Your goal:
For this task, copy all of the data below exactly and skip the pictures.

Supplied material:
-----
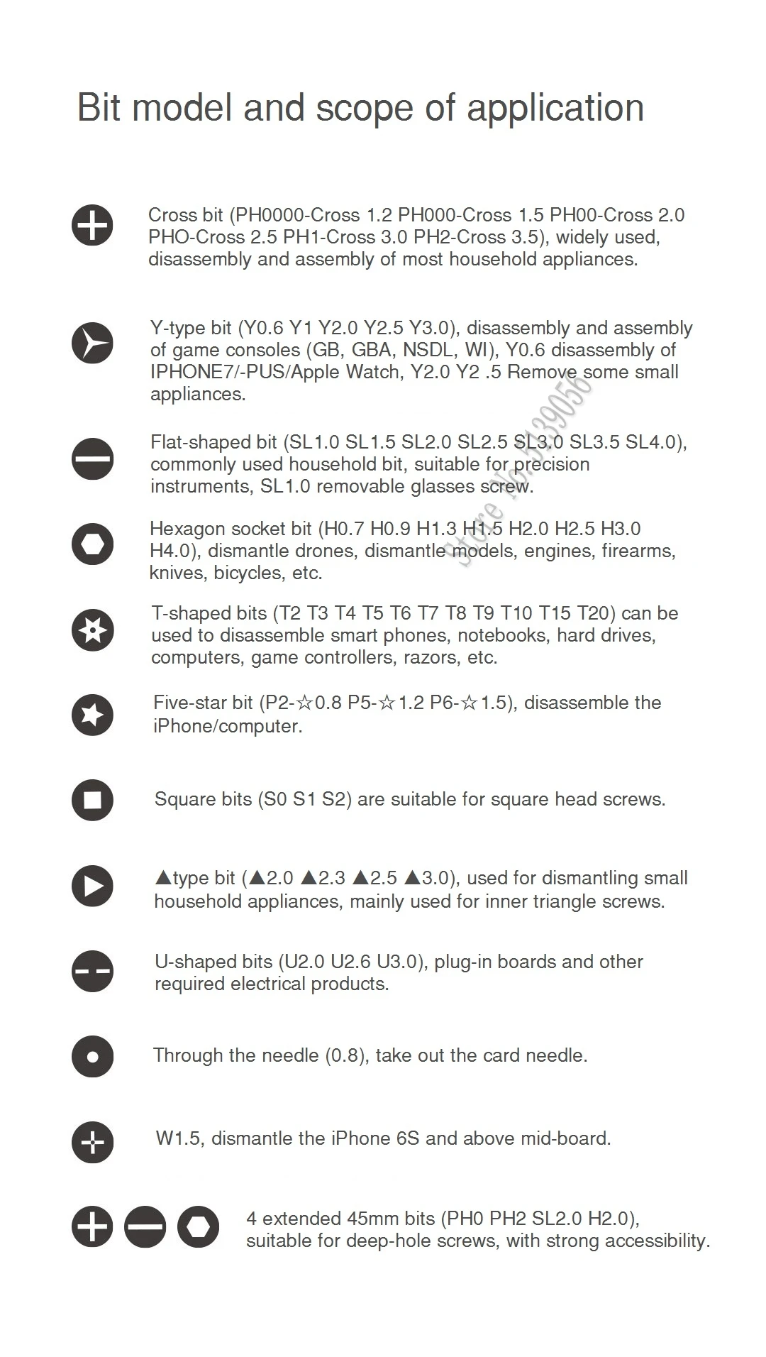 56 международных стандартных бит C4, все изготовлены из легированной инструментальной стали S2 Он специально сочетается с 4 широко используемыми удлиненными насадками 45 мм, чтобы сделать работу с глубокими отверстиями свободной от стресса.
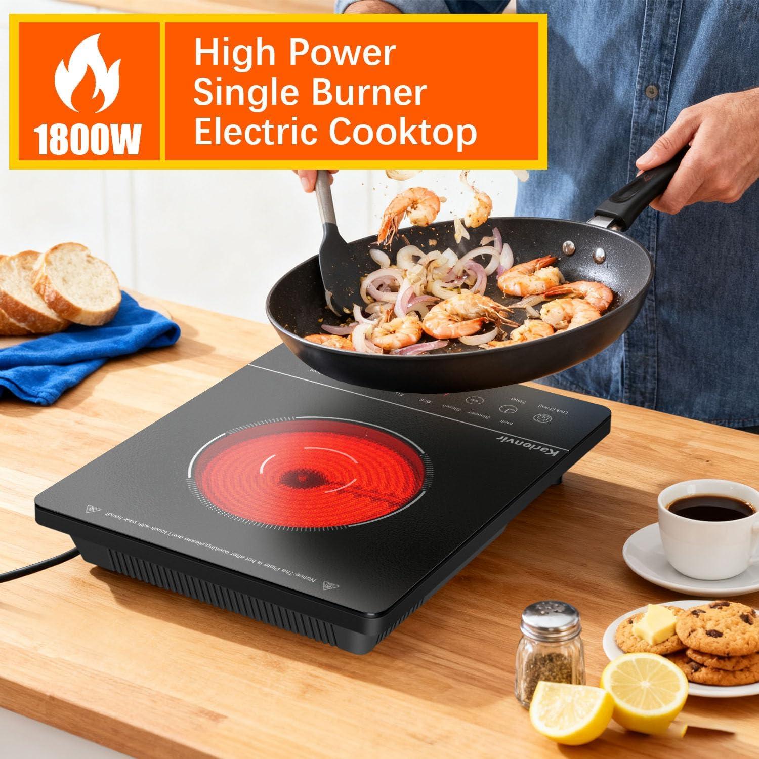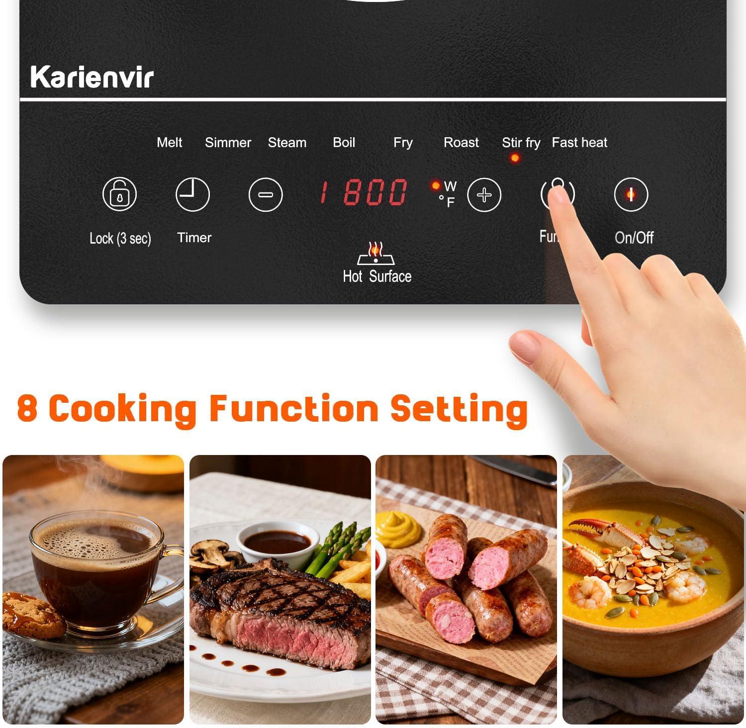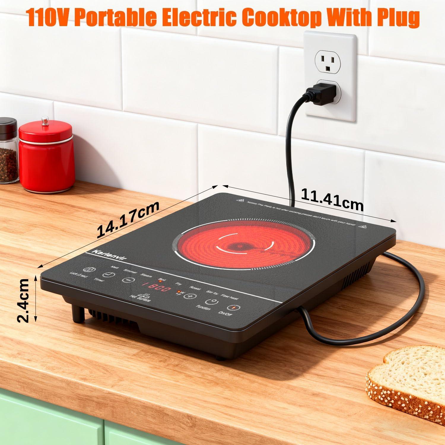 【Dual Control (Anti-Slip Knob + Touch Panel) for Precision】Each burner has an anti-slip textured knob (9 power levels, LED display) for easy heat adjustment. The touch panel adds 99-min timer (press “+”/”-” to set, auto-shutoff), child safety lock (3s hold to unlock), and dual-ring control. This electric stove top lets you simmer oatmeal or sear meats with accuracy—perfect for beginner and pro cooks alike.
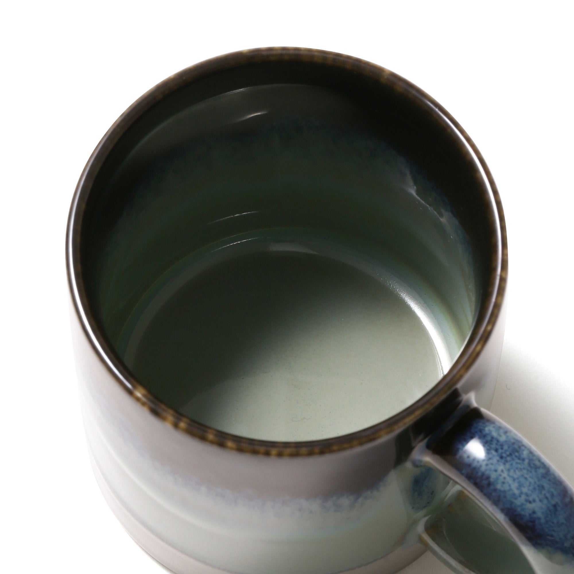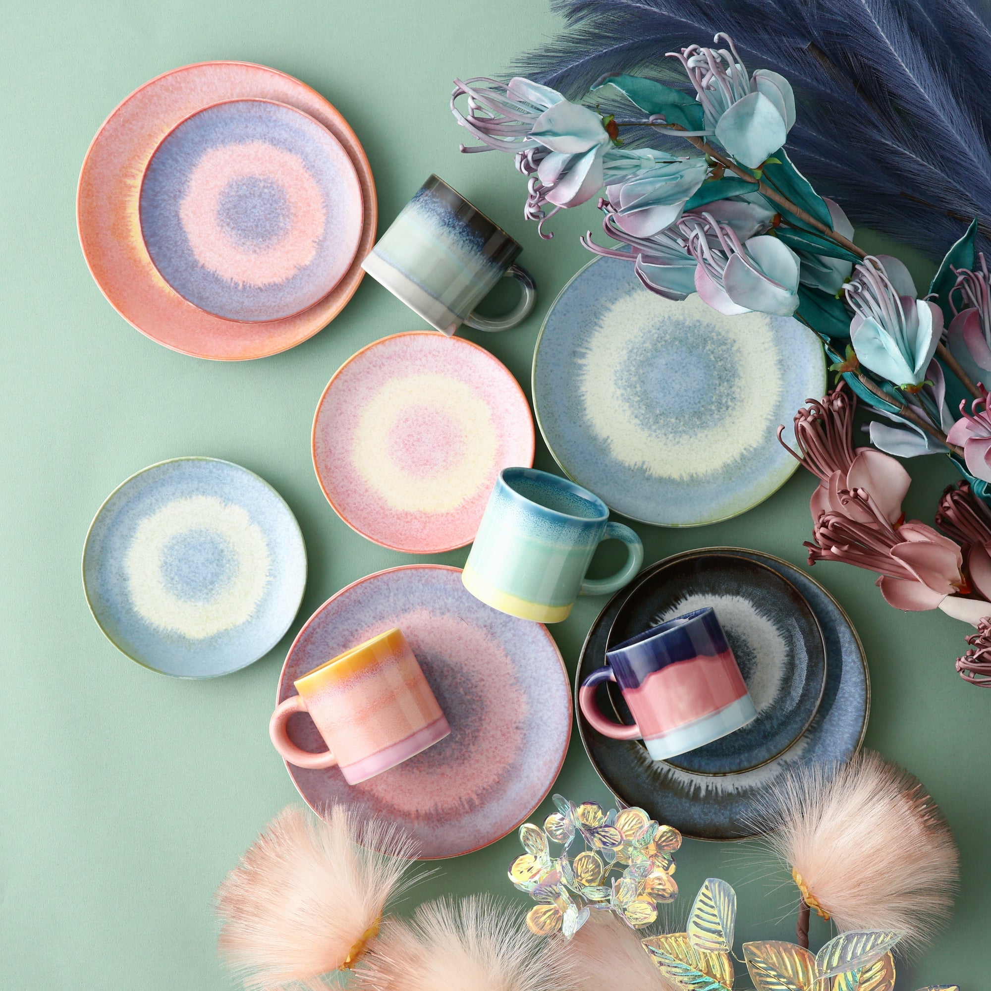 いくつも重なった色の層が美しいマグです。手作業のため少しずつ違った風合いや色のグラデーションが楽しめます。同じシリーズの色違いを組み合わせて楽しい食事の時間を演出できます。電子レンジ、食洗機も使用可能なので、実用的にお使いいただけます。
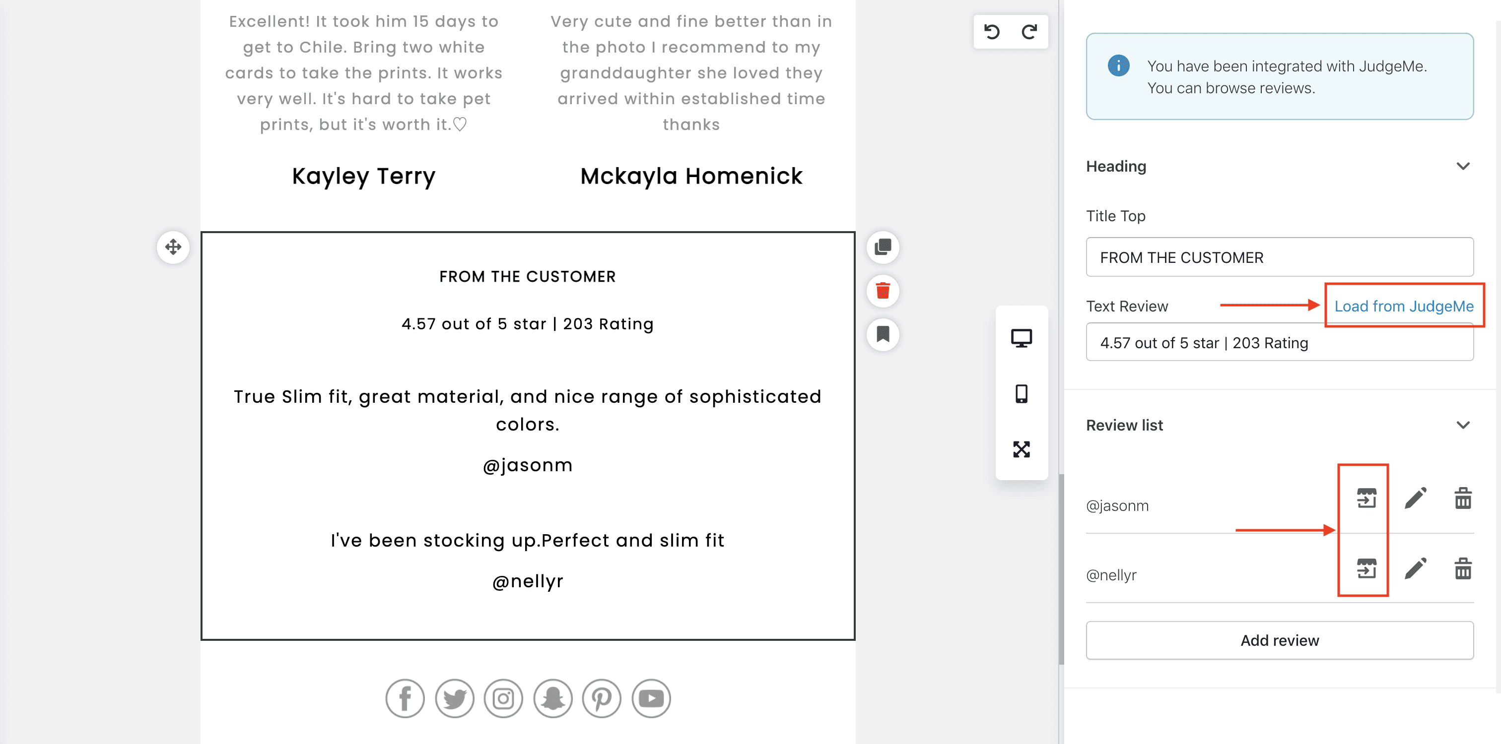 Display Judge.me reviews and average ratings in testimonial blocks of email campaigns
-----
Problem solution:
 56 международных стандартных бит C4, все изготовлены из легированной инструментальной стали S2 Он специально сочетается с 4 широко используемыми удлиненными насадками 45 мм, чтобы сделать работу с глубокими отверстиями свободной от стресса.
 【Dual Control (Anti-Slip Knob + Touch Panel) for Precision】Each burner has an anti-slip textured knob (9 power levels, LED display) for easy heat adjustment. The touch panel adds 99-min timer (press “+”/”-” to set, auto-shutoff), child safety lock (3s hold to unlock), and dual-ring control. This electric stove top lets you simmer oatmeal or sear meats with accuracy—perfect for beginner and pro cooks alike.
 いくつも重なった色の層が美しいマグです。手作業のため少しずつ違った風合いや色のグラデーションが楽しめます。同じシリーズの色違いを組み合わせて楽しい食事の時間を演出できます。電子レンジ、食洗機も使用可能なので、実用的にお使いいただけます。
 Display Judge.me reviews and average ratings in testimonial blocks of email campaigns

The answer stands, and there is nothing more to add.